##### MATERIAL TO PROCESS #####

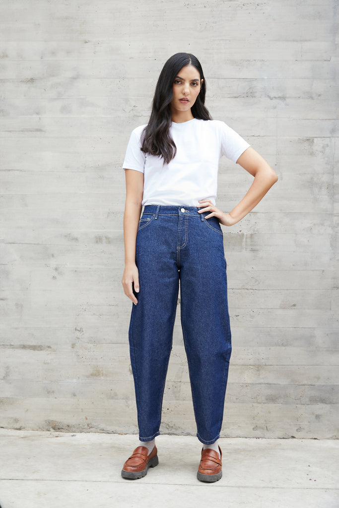 Nuestro nuevo jeans Barrel Lazzo, una nueva silueta de jeans con personalidad. Creamos nuestra versión más limpia y clásica de esta tendencia con una silueta armónica: volumen donde favorece, estilizando tu figura sin abultar en lugares indeseados.
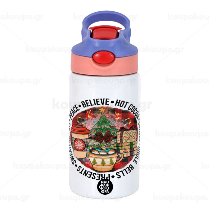 Joy, Peace, Believe, Hot Cocoa, Carols, Children's hot water bottle, stainless steel, with safety straw, pink/purple (350ml)
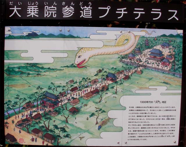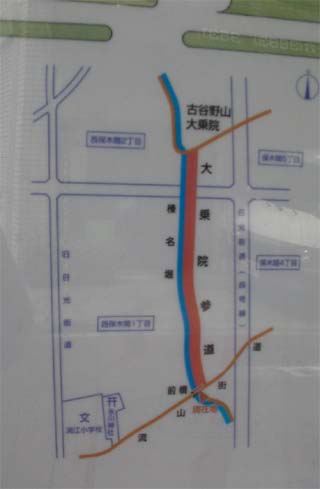 宝積院から住宅地を進むと大乗院参道プリテラスの看板があり、大乗院に向かって川沿いに参道が延びているのが分かります。現在は住宅地ですが、昔は田圃の中を参道が延びていたようです。道路を越えた先にある大乗院は、工事中で境内には入れませんでした。
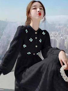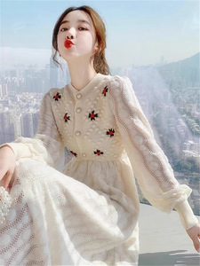 秋季新款法式温柔风裙子高级感精致绝美减龄收腰显瘦针织连衣裙
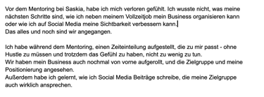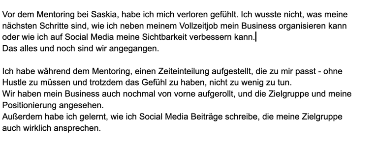 Heute unterstütze ich Frauen dabei, genau diesen Weg abzukürzen, mit klarer Strategie, echter Struktur und einem Business, das sich zu 100 % nach ihnen anfühlt.
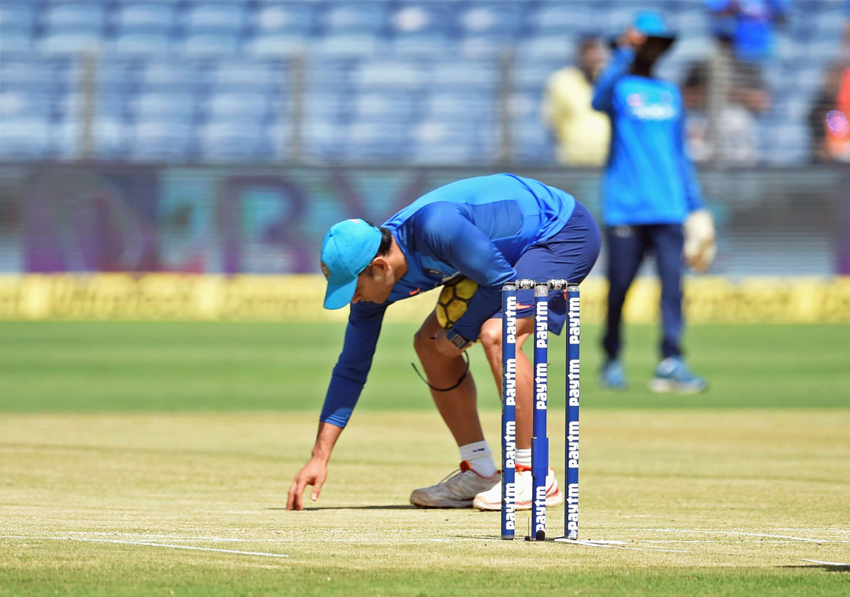 M.S. Dhoni inspects the pitch ahead of the 2nd ODI cricket match against New Zealand in Pune, Maharashtra, Oct. 25. (Shashank Parade/PTI)
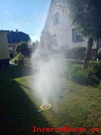 Mobilní mlhoviště. Osvěží, zavlaží, potěší. Plastová elipsa s ohniskem 336-ti vodních paprsků. Připojeno na standardní zahradní rychlospojku. Potřebný tlak 2, 5 atm. (bar). Nezanáší se vodním kamenem. Cena včetně poštovného. Mechanicky odolné, snadno skladovatelné.Spotřeba vody 15l/min - 60% oproti standardní závlaze.
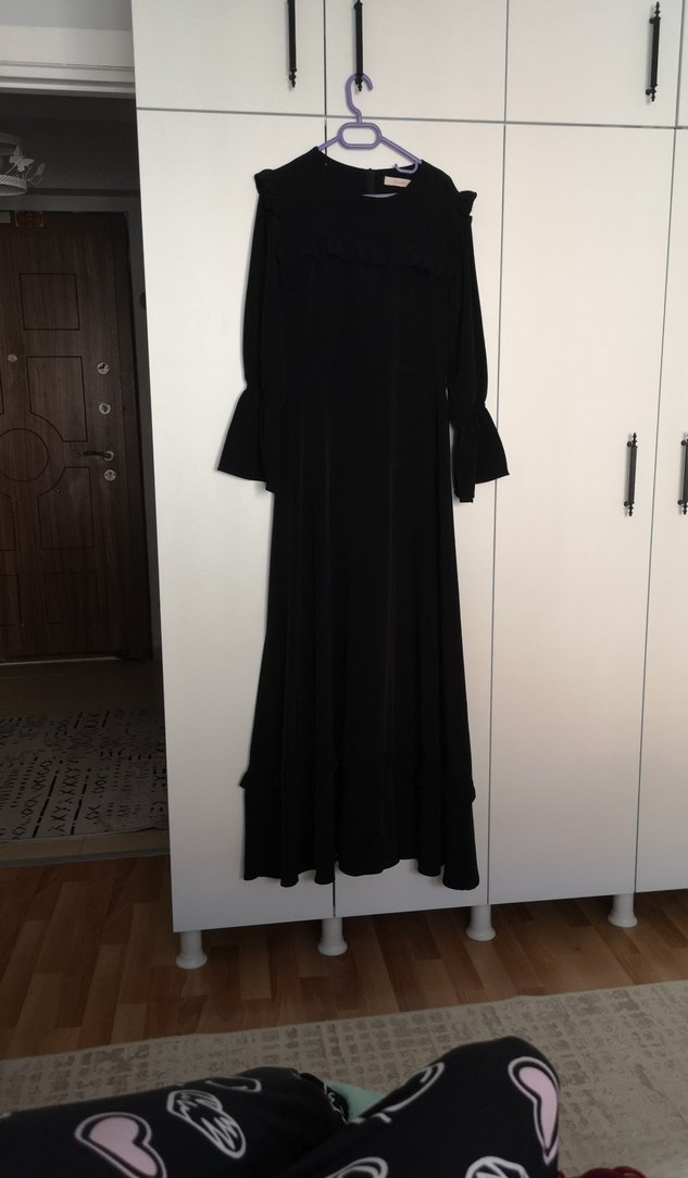 Uzun siyah gotik elbise, fırfır detaylı, yüksek yakalı ve uzun kolludur. Bol kesim ve yumuşak sentetik kumaştan, ofis için uygun.
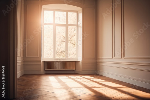 © Johannes, Obraz premium Empty room, light thing through, generative ai
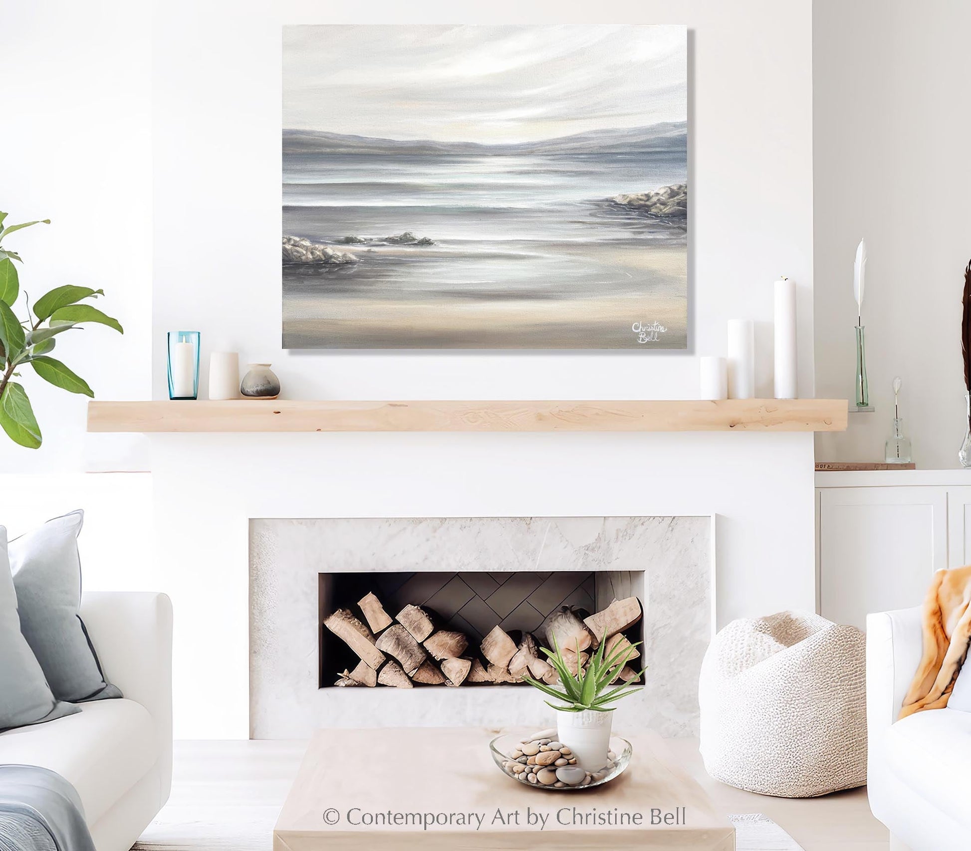 "Seaside Lullaby" Giclée print / Canvas Print of Original Coastal Seascape Oil Painting. Modern, impressionist fine art painting depicting idyllic beach and ocean tide pool. Lulling, gentle waves roll in, past the beach rocks, reflecting the atmospheric sky as the play of light and shadows, soft coastal clouds, reflecting waters and movement of the waves allow the mind to be transported into the peaceful rejuvenation of the sea. Contemporary, modern, gallery art by Fine Artist, Christine Bell. A stunning, beautiful piece of artwork perfect for a special gift, a gallery wall and for any classic style / elegant home decor.

#####

- **TASK DIRECTIONS**
Leave the images out and give the rest of the data again exactly.

- **REPLY**
 Nuestro nuevo jeans Barrel Lazzo, una nueva silueta de jeans con personalidad. Creamos nuestra versión más limpia y clásica de esta tendencia con una silueta armónica: volumen donde favorece, estilizando tu figura sin abultar en lugares indeseados.
 Joy, Peace, Believe, Hot Cocoa, Carols, Children's hot water bottle, stainless steel, with safety straw, pink/purple (350ml)
 宝積院から住宅地を進むと大乗院参道プリテラスの看板があり、大乗院に向かって川沿いに参道が延びているのが分かります。現在は住宅地ですが、昔は田圃の中を参道が延びていたようです。道路を越えた先にある大乗院は、工事中で境内には入れませんでした。
 秋季新款法式温柔风裙子高级感精致绝美减龄收腰显瘦针织连衣裙
 Heute unterstütze ich Frauen dabei, genau diesen Weg abzukürzen, mit klarer Strategie, echter Struktur und einem Business, das sich zu 100 % nach ihnen anfühlt.
 M.S. Dhoni inspects the pitch ahead of the 2nd ODI cricket match against New Zealand in Pune, Maharashtra, Oct. 25. (Shashank Parade/PTI)
 Mobilní mlhoviště. Osvěží, zavlaží, potěší. Plastová elipsa s ohniskem 336-ti vodních paprsků. Připojeno na standardní zahradní rychlospojku. Potřebný tlak 2, 5 atm. (bar). Nezanáší se vodním kamenem. Cena včetně poštovného. Mechanicky odolné, snadno skladovatelné.Spotřeba vody 15l/min - 60% oproti standardní závlaze.
 Uzun siyah gotik elbise, fırfır detaylı, yüksek yakalı ve uzun kolludur. Bol kesim ve yumuşak sentetik kumaştan, ofis için uygun.
 © Johannes, Obraz premium Empty room, light thing through, generative ai
 "Seaside Lullaby" Giclée print / Canvas Print of Original Coastal Seascape Oil Painting. Modern, impressionist fine art painting depicting idyllic beach and ocean tide pool. Lulling, gentle waves roll in, past the beach rocks, reflecting the atmospheric sky as the play of light and shadows, soft coastal clouds, reflecting waters and movement of the waves allow the mind to be transported into the peaceful rejuvenation of the sea. Contemporary, modern, gallery art by Fine Artist, Christine Bell. A stunning, beautiful piece of artwork perfect for a special gift, a gallery wall and for any classic style / elegant home decor.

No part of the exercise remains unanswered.